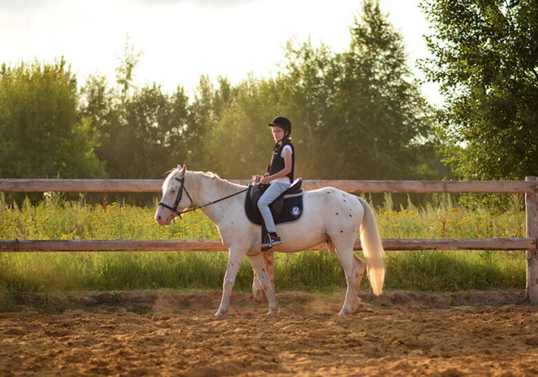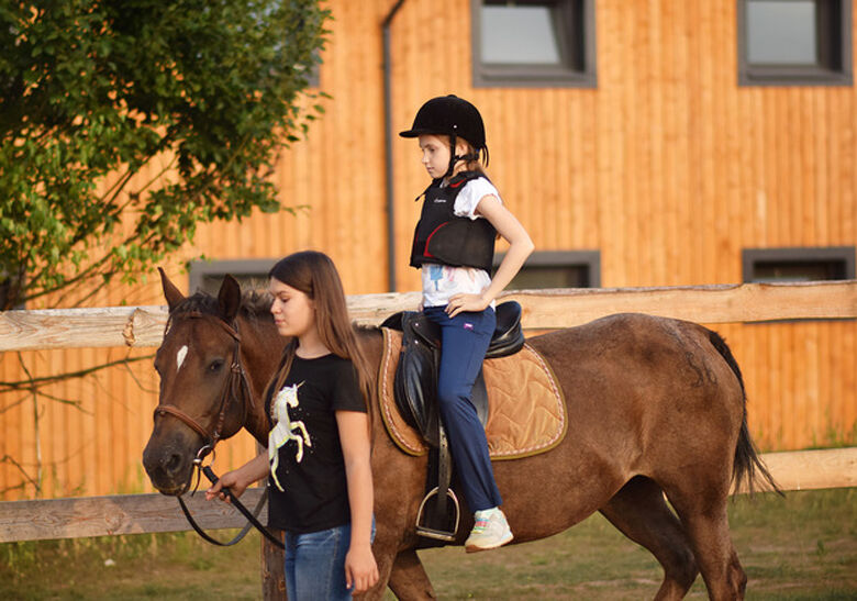 Обучение верховой езде. Это занятие рассчитано на развитие равновесия, снятие боязни высоты и скованности детей при первых опытах верховой езды.
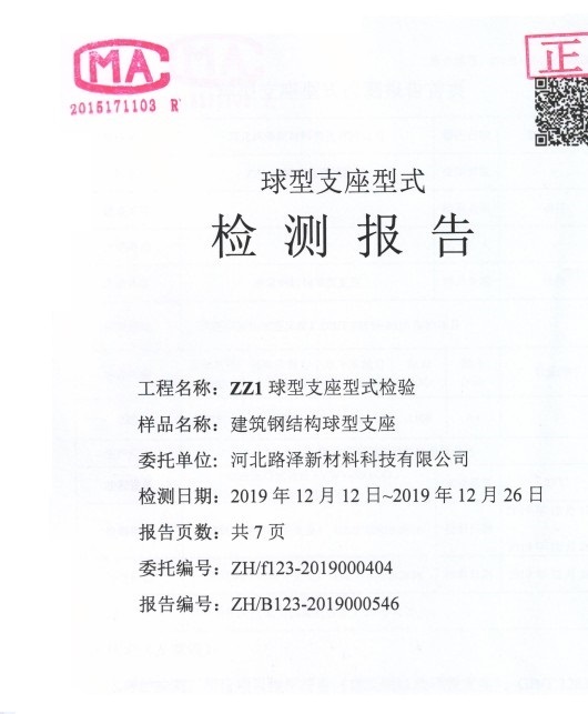 恭喜我公司顺利通过第三方检测单位出具的《建筑钢结构球型支座》型式检测报告,同时也是具备产品型式检报告的支座生产企业。此报告依据GB/T32836-2016《建筑钢结构球型支座》国家标准出具,是专业针对于建筑钢结构行业。建筑钢结构球型支座 不同于桥梁球型支座,并且桥梁支座的型式检测报告不能用于建筑钢结构领域作为验收标准,因为两者在受力、制作及计算方法不同,而且执行的国家标准也不同。
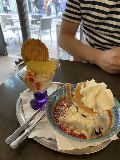 We ordered ice-cream and coffee, but when we sat at the table inside, we were informed that it was not allowed to eat ice-cream at the table, although we had also ordered coffee and nobody had asked us if we wanted it on site or for take away! At the same time, many other clients were eating their ice-cream at the tables outside and nobody was telling them anything. We sat inside because the only free table outside had not been cleaned yet. Moreover, a lady who was sitting at the table next to us, suddenly came to us and started saying to us something in German we couldn't understand, and we could smell she was drunk! I also saw an employee shouting at another group of clients. This was my 84-year-old grandmother's first trip to Germany after the year 1989 and we wanted her to have the best impression. Unfortunately, because of this negative experience her trip started badly. I know someone will probably answer explaining the coffee shop rules, but I honestly don't care, I don't like military rules when I'm on holiday and fortunately there are so many coffee shops to choose from. Never going to...
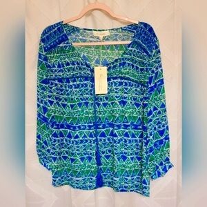 TWO by VINCE CAMUTO Playful Batik Pintuck Peasant Blouse. NWT LARGE
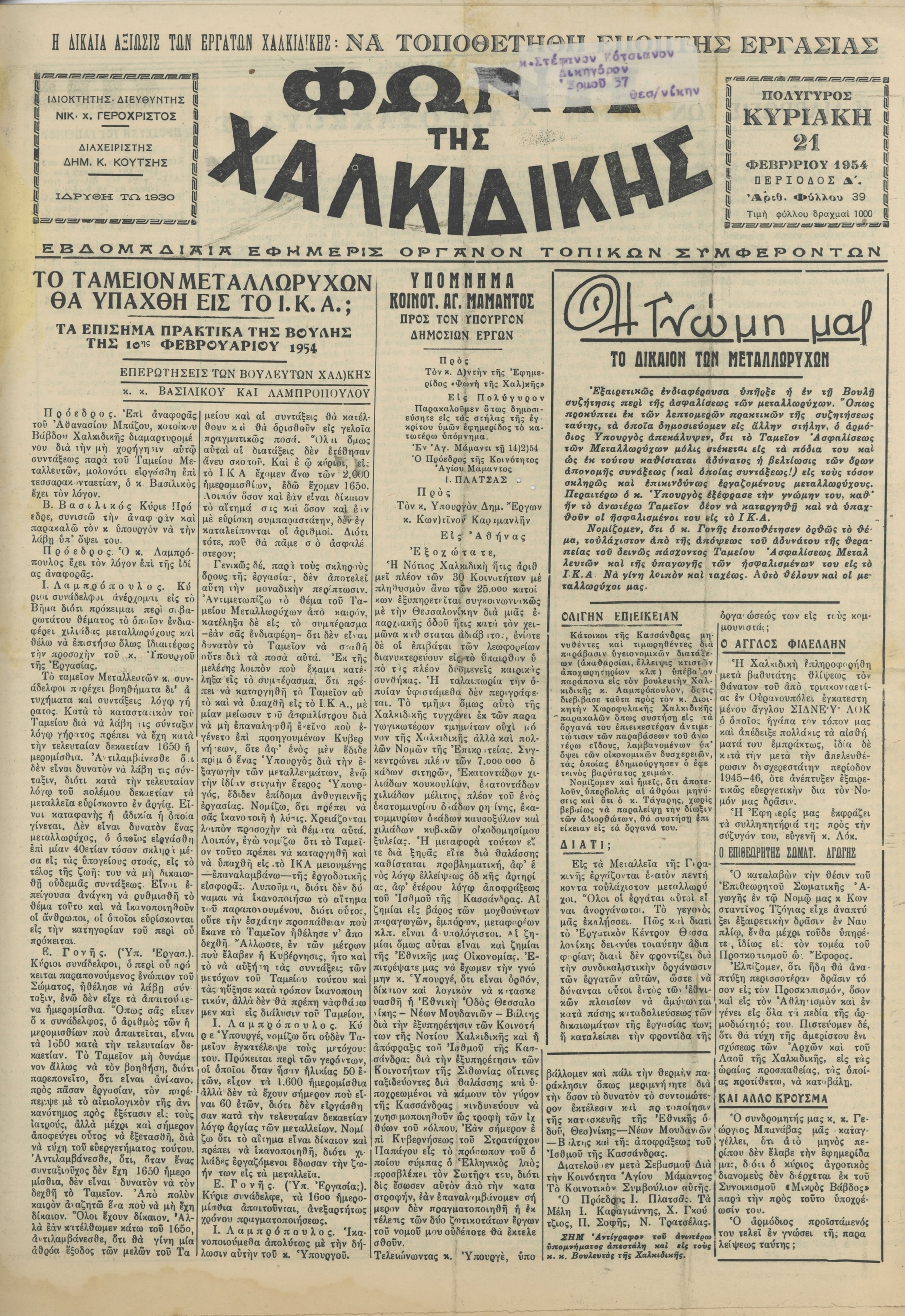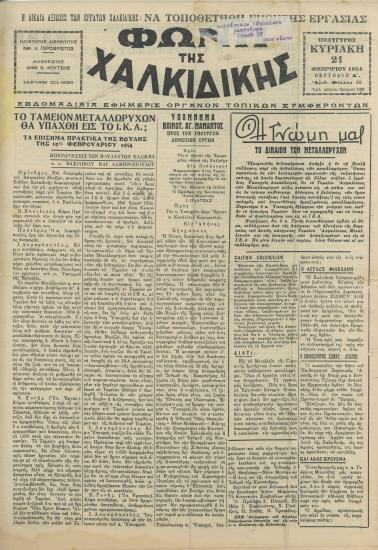 Φωνή της Χαλκιδικής 21-02-54 Αρ. Φύλλου 39
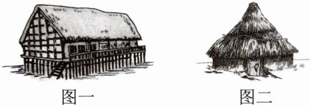 (2)图一:干栏式建筑;图二:半地穴式房屋。 原因:南方气候湿润,北方气候干燥(或气候环境、地理位置不同)。
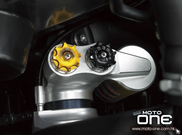 這臺以O(shè)hlins命名的特別版,故名思義前后均是改用了Ohlins的避震系統(tǒng),取代原裝Showa避震,而尾避震更是用上頂級的TTX 39全調(diào)校單筒避震,并附有預(yù)載遙遠(yuǎn)旋鈕,方便騎士調(diào)校。據(jù)廠方新聞稿講,新避震的吸震效果明顯加強(qiáng),使行車穩(wěn)定性得到明顯提升,并且有減磅及體積細(xì)的好 處。
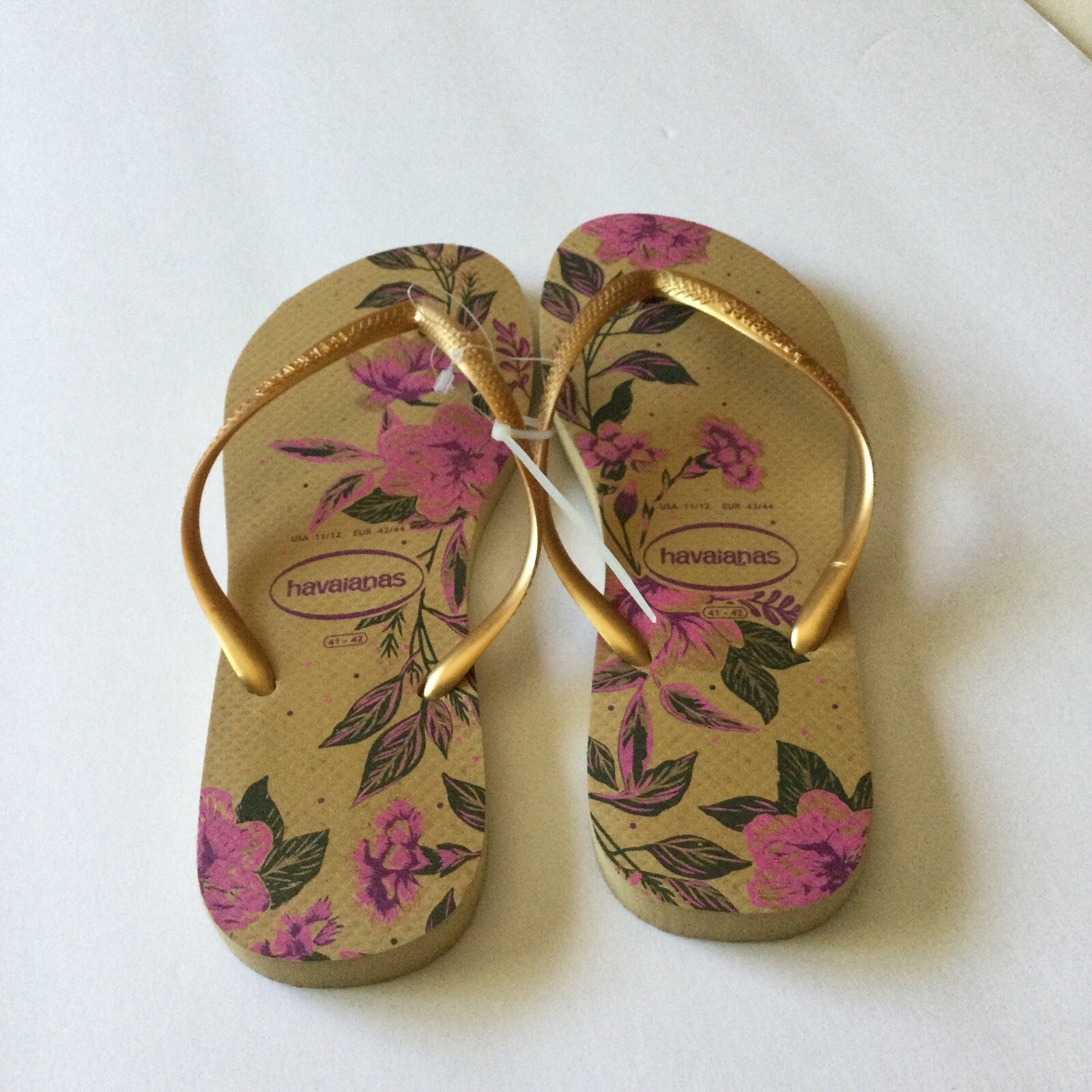 как выглядит HAVAIANAS WOMENS FLORAL FLIP FLOPS GOLD ORCHID TAN US SIZE 11/12 NWOT фото
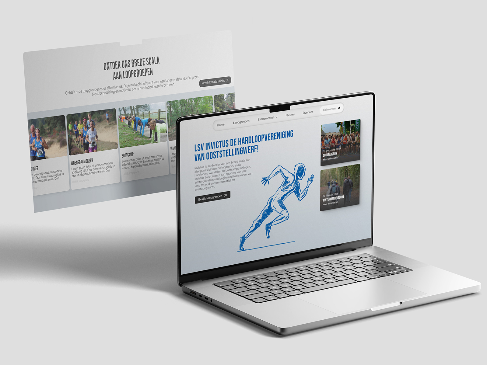 A website for LSV Invictus, a Dutch running club focused on sport and community, providing clear access to training groups and events.
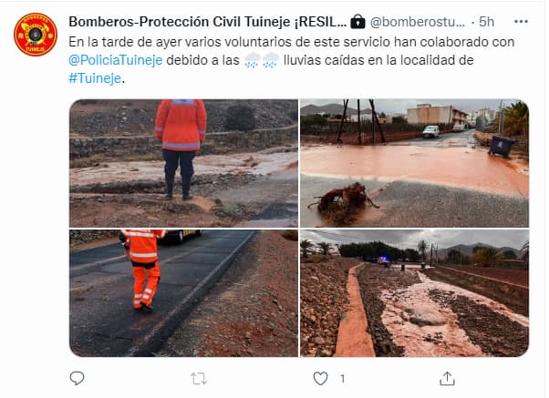La tromba caída en el día de ayer en Fuerteventura afectó especialmente a Tuineje, donde varias calles quedaron anegadas y se precisó la actuación de Bomberos y Policía para recuperar los accesos.
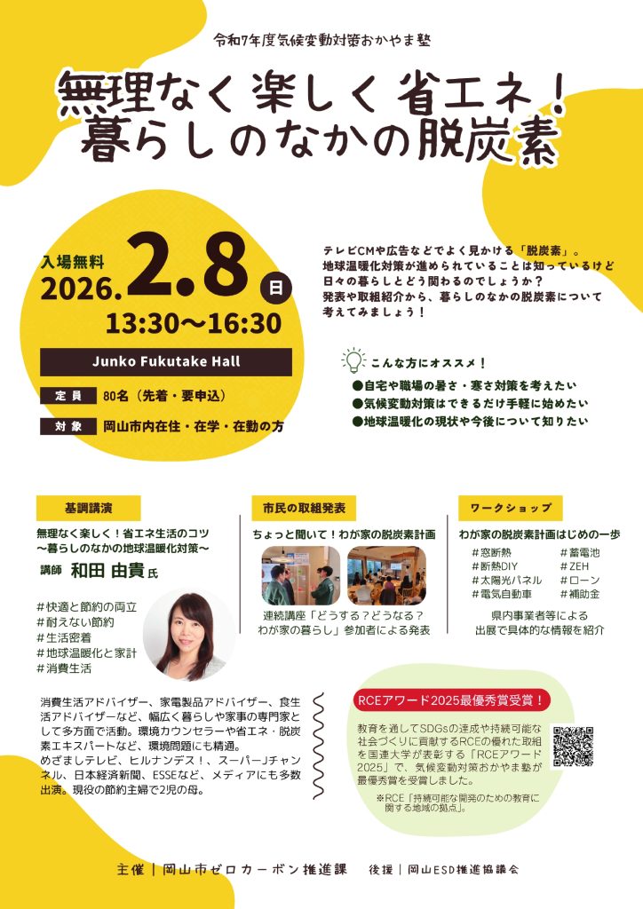 気候変動対策おかやま塾「無理なく楽しく省エネ!暮らしのなかの脱炭素」(2/8開催、2/4締切・岡山)
########################################
### Problem
Quote all the records verbatim, dropping any pictures from your copy.

### Solution
 Обучение верховой езде. Это занятие рассчитано на развитие равновесия, снятие боязни высоты и скованности детей при первых опытах верховой езды.
 恭喜我公司顺利通过第三方检测单位出具的《建筑钢结构球型支座》型式检测报告,同时也是具备产品型式检报告的支座生产企业。此报告依据GB/T32836-2016《建筑钢结构球型支座》国家标准出具,是专业针对于建筑钢结构行业。建筑钢结构球型支座 不同于桥梁球型支座,并且桥梁支座的型式检测报告不能用于建筑钢结构领域作为验收标准,因为两者在受力、制作及计算方法不同,而且执行的国家标准也不同。
 We ordered ice-cream and coffee, but when we sat at the table inside, we were informed that it was not allowed to eat ice-cream at the table, although we had also ordered coffee and nobody had asked us if we wanted it on site or for take away! At the same time, many other clients were eating their ice-cream at the tables outside and nobody was telling them anything. We sat inside because the only free table outside had not been cleaned yet. Moreover, a lady who was sitting at the table next to us, suddenly came to us and started saying to us something in German we couldn't understand, and we could smell she was drunk! I also saw an employee shouting at another group of clients. This was my 84-year-old grandmother's first trip to Germany after the year 1989 and we wanted her to have the best impression. Unfortunately, because of this negative experience her trip started badly. I know someone will probably answer explaining the coffee shop rules, but I honestly don't care, I don't like military rules when I'm on holiday and fortunately there are so many coffee shops to choose from. Never going to...
 TWO by VINCE CAMUTO Playful Batik Pintuck Peasant Blouse. NWT LARGE
 Φωνή της Χαλκιδικής 21-02-54 Αρ. Φύλλου 39
 (2)图一:干栏式建筑;图二:半地穴式房屋。 原因:南方气候湿润,北方气候干燥(或气候环境、地理位置不同)。
 這臺以O(shè)hlins命名的特別版,故名思義前后均是改用了Ohlins的避震系統(tǒng),取代原裝Showa避震,而尾避震更是用上頂級的TTX 39全調(diào)校單筒避震,并附有預(yù)載遙遠(yuǎn)旋鈕,方便騎士調(diào)校。據(jù)廠方新聞稿講,新避震的吸震效果明顯加強(qiáng),使行車穩(wěn)定性得到明顯提升,并且有減磅及體積細(xì)的好 處。
 как выглядит HAVAIANAS WOMENS FLORAL FLIP FLOPS GOLD ORCHID TAN US SIZE 11/12 NWOT фото
 A website for LSV Invictus, a Dutch running club focused on sport and community, providing clear access to training groups and events.
La tromba caída en el día de ayer en Fuerteventura afectó especialmente a Tuineje, donde varias calles quedaron anegadas y se precisó la actuación de Bomberos y Policía para recuperar los accesos.
 気候変動対策おかやま塾「無理なく楽しく省エネ!暮らしのなかの脱炭素」(2/8開催、2/4締切・岡山)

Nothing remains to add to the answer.